Among the entries below, find the line with "Narasimha is protected", then quote it and each following line up to and including the line with "- Ethereal beauty", and nothing else.

• [Data]
◆ ◆ ◆ ◆ ◆ ◆ ◆

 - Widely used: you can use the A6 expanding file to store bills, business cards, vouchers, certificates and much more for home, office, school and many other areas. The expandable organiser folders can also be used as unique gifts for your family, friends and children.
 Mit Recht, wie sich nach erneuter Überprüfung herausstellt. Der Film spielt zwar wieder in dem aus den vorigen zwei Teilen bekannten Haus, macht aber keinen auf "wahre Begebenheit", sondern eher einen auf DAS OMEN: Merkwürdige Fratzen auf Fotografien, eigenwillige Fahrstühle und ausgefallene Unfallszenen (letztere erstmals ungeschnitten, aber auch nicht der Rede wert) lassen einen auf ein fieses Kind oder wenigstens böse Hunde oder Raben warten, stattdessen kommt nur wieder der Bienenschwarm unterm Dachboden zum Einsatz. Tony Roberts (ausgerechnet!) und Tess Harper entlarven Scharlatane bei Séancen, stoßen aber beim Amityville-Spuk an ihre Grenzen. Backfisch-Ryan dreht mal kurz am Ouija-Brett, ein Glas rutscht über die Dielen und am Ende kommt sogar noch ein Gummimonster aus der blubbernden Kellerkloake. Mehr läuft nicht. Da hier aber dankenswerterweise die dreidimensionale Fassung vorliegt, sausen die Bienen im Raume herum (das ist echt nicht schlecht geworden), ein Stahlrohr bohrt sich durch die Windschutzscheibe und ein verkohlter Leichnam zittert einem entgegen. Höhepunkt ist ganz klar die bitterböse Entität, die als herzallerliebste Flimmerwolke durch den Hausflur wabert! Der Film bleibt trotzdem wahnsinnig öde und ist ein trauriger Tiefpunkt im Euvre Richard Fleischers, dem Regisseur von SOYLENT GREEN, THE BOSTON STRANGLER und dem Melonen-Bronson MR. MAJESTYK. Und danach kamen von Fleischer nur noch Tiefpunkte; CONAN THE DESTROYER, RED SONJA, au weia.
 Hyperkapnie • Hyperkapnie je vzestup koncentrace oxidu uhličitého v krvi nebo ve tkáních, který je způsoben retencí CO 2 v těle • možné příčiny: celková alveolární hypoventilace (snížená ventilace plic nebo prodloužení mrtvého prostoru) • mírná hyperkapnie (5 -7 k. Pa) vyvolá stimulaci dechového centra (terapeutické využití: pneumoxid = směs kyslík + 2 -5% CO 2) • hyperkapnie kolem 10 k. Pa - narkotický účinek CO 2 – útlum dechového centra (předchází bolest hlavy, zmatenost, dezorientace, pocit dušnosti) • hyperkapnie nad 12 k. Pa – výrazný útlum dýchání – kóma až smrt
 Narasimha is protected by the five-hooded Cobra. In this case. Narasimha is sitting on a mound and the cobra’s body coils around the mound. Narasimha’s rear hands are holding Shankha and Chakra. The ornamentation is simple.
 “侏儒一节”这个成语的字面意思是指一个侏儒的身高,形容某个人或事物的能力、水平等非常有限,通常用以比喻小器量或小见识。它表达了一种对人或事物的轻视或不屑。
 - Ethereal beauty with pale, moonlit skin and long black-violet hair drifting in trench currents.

◆ ◆ ◆ ◆ ◆ ◆ ◆

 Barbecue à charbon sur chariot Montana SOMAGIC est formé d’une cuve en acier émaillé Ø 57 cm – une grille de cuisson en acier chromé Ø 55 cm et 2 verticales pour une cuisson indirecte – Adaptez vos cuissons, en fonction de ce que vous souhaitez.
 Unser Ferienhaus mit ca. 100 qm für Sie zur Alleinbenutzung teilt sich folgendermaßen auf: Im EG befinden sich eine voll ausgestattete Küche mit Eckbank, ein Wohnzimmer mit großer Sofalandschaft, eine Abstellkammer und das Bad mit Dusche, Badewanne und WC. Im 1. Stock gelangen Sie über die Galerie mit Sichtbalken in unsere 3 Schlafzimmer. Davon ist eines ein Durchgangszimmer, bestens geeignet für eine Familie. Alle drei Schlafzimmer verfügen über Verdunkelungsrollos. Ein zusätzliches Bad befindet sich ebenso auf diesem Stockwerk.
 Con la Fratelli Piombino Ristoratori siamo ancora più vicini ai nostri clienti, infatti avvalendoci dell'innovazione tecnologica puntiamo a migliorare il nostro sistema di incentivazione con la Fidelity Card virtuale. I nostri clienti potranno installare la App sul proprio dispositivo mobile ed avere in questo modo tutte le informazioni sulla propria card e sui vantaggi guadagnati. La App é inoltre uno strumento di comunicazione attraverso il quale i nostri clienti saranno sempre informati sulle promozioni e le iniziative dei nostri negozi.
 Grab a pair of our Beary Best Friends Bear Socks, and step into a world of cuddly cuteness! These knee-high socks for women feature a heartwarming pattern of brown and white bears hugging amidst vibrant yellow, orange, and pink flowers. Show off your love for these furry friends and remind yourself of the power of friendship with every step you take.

◆ ◆ ◆ ◆ ◆ ◆ ◆

• [Answer for the task]
 Narasimha is protected by the five-hooded Cobra. In this case. Narasimha is sitting on a mound and the cobra’s body coils around the mound. Narasimha’s rear hands are holding Shankha and Chakra. The ornamentation is simple.
 “侏儒一节”这个成语的字面意思是指一个侏儒的身高,形容某个人或事物的能力、水平等非常有限,通常用以比喻小器量或小见识。它表达了一种对人或事物的轻视或不屑。
 - Ethereal beauty with pale, moonlit skin and long black-violet hair drifting in trench currents.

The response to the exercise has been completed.